LISTED ENTRIES section start
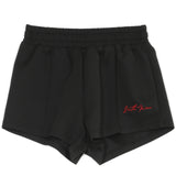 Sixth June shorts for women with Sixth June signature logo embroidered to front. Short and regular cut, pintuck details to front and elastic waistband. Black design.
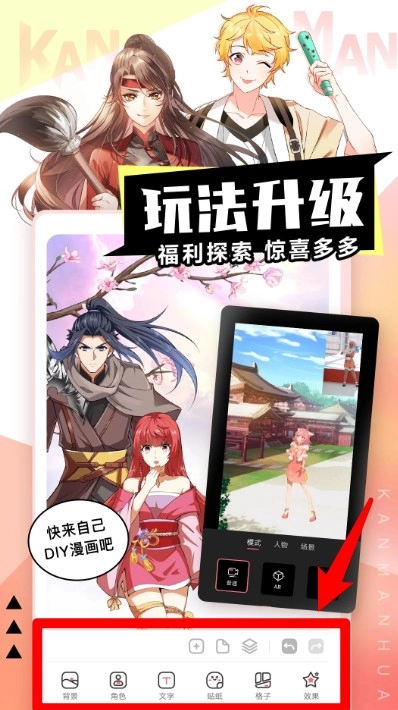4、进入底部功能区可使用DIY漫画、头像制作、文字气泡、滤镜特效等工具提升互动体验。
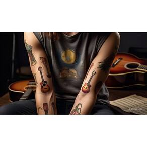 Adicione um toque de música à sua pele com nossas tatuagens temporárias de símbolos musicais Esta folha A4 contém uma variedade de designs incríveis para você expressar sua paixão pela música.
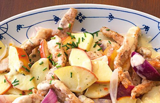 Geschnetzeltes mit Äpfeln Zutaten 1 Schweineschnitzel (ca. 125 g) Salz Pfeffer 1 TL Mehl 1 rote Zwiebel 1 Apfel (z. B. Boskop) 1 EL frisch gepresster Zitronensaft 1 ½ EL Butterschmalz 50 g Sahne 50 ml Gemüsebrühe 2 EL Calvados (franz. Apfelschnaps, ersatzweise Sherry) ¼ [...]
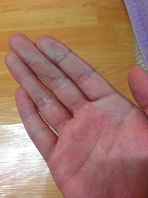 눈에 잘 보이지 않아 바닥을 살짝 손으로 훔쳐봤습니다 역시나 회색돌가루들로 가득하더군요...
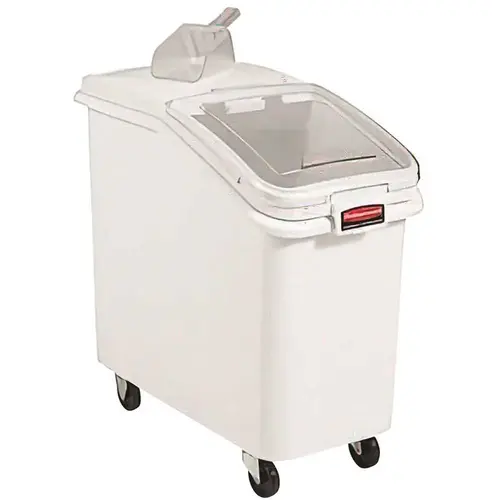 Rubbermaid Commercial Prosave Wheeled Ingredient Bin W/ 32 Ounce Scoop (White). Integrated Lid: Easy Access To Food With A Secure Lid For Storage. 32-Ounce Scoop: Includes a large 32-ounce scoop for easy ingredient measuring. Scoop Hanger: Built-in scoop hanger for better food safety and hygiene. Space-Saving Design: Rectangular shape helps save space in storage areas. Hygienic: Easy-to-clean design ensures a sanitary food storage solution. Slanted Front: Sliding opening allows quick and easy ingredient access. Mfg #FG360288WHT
LISTED ENTRIES section end
LISTED ENTRIES section start
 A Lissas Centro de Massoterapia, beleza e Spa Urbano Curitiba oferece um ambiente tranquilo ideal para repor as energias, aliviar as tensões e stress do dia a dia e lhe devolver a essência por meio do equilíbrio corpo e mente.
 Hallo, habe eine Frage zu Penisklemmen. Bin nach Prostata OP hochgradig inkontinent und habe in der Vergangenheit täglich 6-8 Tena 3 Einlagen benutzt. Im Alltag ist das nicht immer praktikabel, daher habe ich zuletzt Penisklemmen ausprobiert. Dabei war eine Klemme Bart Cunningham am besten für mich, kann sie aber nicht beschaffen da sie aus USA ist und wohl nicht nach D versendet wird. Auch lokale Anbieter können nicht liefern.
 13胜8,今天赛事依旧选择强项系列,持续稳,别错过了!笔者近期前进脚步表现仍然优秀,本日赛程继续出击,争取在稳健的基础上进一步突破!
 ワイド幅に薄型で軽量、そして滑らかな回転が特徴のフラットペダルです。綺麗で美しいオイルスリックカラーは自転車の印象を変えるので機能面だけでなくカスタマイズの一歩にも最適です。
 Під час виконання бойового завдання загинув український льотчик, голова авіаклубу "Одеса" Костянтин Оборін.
LISTED ENTRIES section end
| TASK OBJECTIVE |
An exact copy is needed. It runs from the line above containing "Sixth June shorts" down to the line containing "Rubbermaid Commercial Prosave", both included, with no pictures.

| REPLY TO THE TASK |
 Sixth June shorts for women with Sixth June signature logo embroidered to front. Short and regular cut, pintuck details to front and elastic waistband. Black design.
4、进入底部功能区可使用DIY漫画、头像制作、文字气泡、滤镜特效等工具提升互动体验。
 Adicione um toque de música à sua pele com nossas tatuagens temporárias de símbolos musicais Esta folha A4 contém uma variedade de designs incríveis para você expressar sua paixão pela música.
 Geschnetzeltes mit Äpfeln Zutaten 1 Schweineschnitzel (ca. 125 g) Salz Pfeffer 1 TL Mehl 1 rote Zwiebel 1 Apfel (z. B. Boskop) 1 EL frisch gepresster Zitronensaft 1 ½ EL Butterschmalz 50 g Sahne 50 ml Gemüsebrühe 2 EL Calvados (franz. Apfelschnaps, ersatzweise Sherry) ¼ [...]
 눈에 잘 보이지 않아 바닥을 살짝 손으로 훔쳐봤습니다 역시나 회색돌가루들로 가득하더군요...
 Rubbermaid Commercial Prosave Wheeled Ingredient Bin W/ 32 Ounce Scoop (White). Integrated Lid: Easy Access To Food With A Secure Lid For Storage. 32-Ounce Scoop: Includes a large 32-ounce scoop for easy ingredient measuring. Scoop Hanger: Built-in scoop hanger for better food safety and hygiene. Space-Saving Design: Rectangular shape helps save space in storage areas. Hygienic: Easy-to-clean design ensures a sanitary food storage solution. Slanted Front: Sliding opening allows quick and easy ingredient access. Mfg #FG360288WHT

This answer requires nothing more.